23 May
Dear Friends,
On Wednesday, just before returning to Amsterdam from Edinburgh, I was fortunate enough to visit the National Gallery. I was a bit rushed and only had time to walk around the first floor if I didn’t want to miss my flight. Nevertheless, I was brought to a standstill when I saw The Awakening by Phoebe Anna Traquair. As the plaque on the wall informed me, this mysterious image represents the awakening of the human spirit. An angel points, with an arrow, to several figures sleeping in a meadow. They are partially bathed in the light of a rainbow, signifying better times to come. On the left are blossoming trees and flowers, symbolising a new beginning.
With the Nicene Creed (written in A.D. 325), Christians have confessed for centuries that “we believe in the Holy Spirit, the Lord, the giver of life”. The Spirit is the life-giving Spirit. It is this life giving Spirit that is revealed at Pentecost. Without this breath of God, breathed into dry ground as Genesis tells us, we cannot live. The Bible reminds us of this truth many times, but it is told dramatically in Ezekiel 37.
The prophet sees a vision of God’s people in exile. The Lord, through His Spirit, places him in a valley full of dead, dried-up bones. The prophet walks around the bones, and he sees that they are very dry. Then the Lord asks him, “Can these bones come to life again?” And he answers, “No, only You, the Lord my God, know” (1–3). The Lord says, “Prophesy to these bones and say to them: ... I will put breath in you, and you shall live. I will lay sinews and flesh on you and cover you with skin, and I will put breath in you, and you will live. Then you will know that I am the Lord” (4–6). When the prophet does this, the miracle happens: the bones come together, and sinews, flesh, and skin come together, but there is no breath yet (7–8). Then the Lord says to Ezekiel, “Prophesy now to the spirit/breath ... say to the breath: Thus says the Lord my God: breathe upon these dead bodies, that they may live” (9). He does so, and it happens. The dead bones come to life, and they stand upright, a great multitude (10). Then the Lord says: the bones represent Israel, the people of God, in the deadness of their exile. For they say, “Our bones are dried up, there is no hope for us, we are finished” (11).

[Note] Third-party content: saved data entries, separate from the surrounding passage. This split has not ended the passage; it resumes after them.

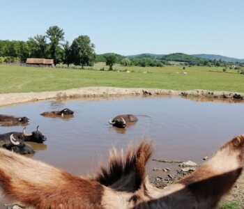 Meghívásra érkeztünk a boldog haszonállatok birodalmába. Csónakkal keltünk át a Faddi-Dunán meglátogatni a Várszeg Szalámi alapanyagául szolgáló kondát és gulyát. Már ez is élmény volt, hát még amikor néhány kíváncsi disznó röfögve futott elénk. Ezt a kalandot mindenkinek érdemes beiktatni, ha a családi gazdaság termékeiből akar vásárolni.
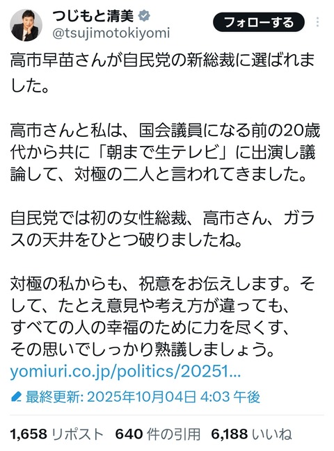 大同団結して、日本社会の右傾化を阻止するしかない。— 朝岡晶子 (@asaoka_akiko) October 4, 2025
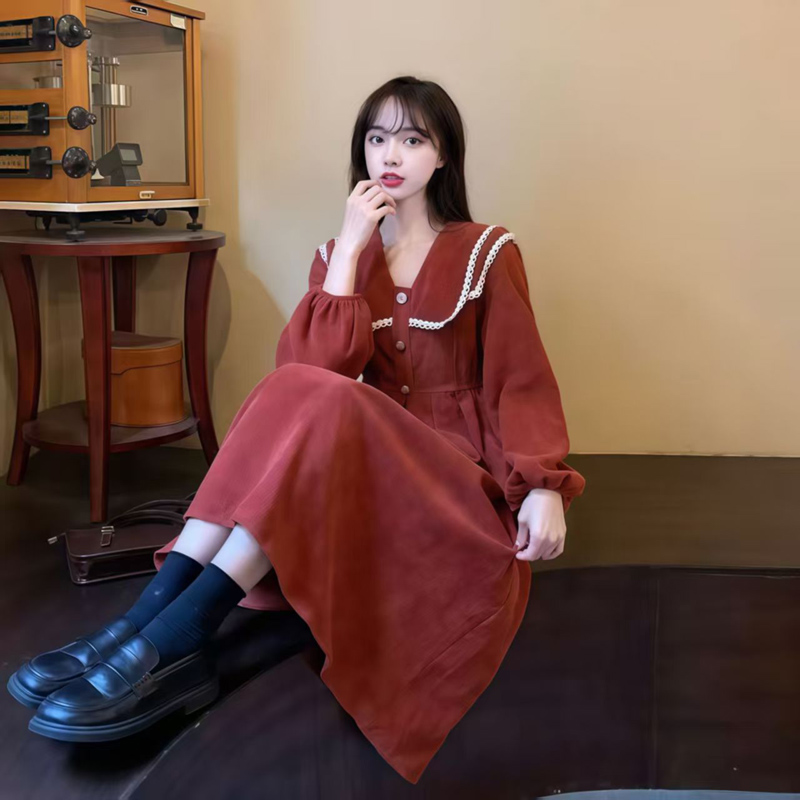 YF6899-(3色入内)秋冬甜美娃娃领泡泡袖松紧腰显瘦灯芯绒保暖复古风连衣裙
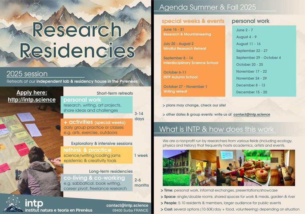 L’Institut Natura e Teoria en Pirenèus (http://intp.science) a le plaisir de partager son calendrier d’activités pour le second semestre 2025, qui inclut des écoles et des résidences de recherche scientifique et artistique.
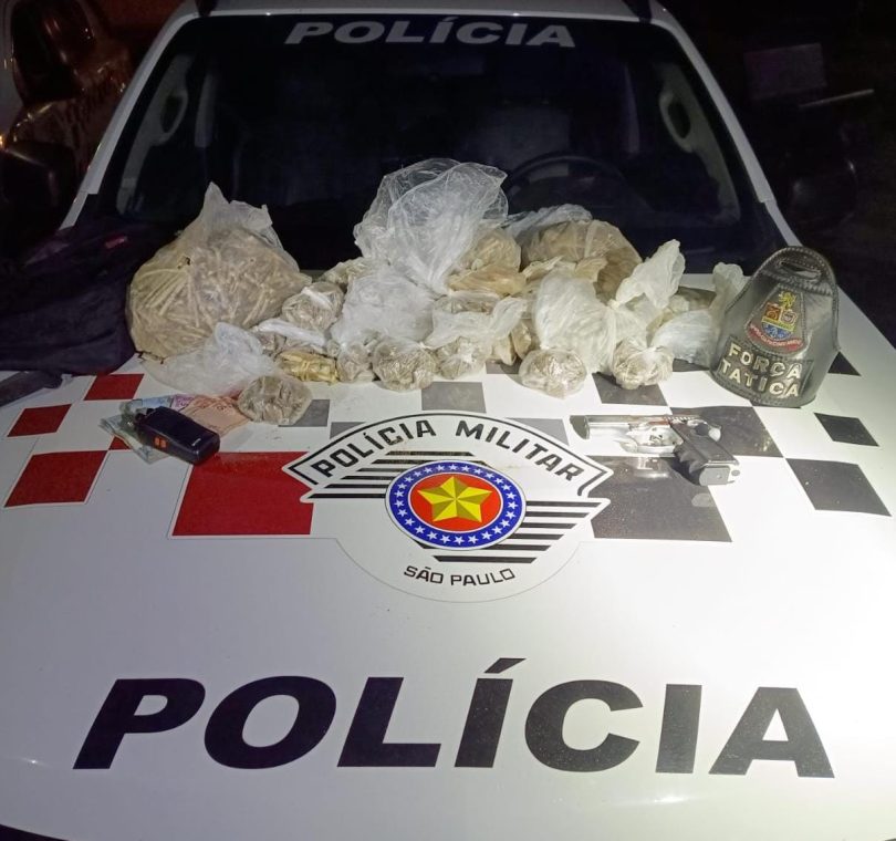 Os militares apreenderam com o individuo uma pistola Taurus 38 de numeração suprimida, com dez munições, a quantia de R$ 140,50 e próximo do matagal localizaram uma grande mochila contendo 2.626 porções de maconha (pesando aproximadamente 6 quilos) e um rádio comunicador pequeno.

Theologian Dirkie Smit reflects on this reading and suggests that the question in verse 3 is what we come face to face in every age as we confess that the Spirit is the giver of life. That is: “Can these bones come to life again?” The Christian confession says: the Lord can and wants to give life. But what about us? Overwhelmed by the deadness around and within us, we often hesitate to answer and instead stammer like Ezekiel: Can life be restored? No, only You know, Lord my God. Do not ask me.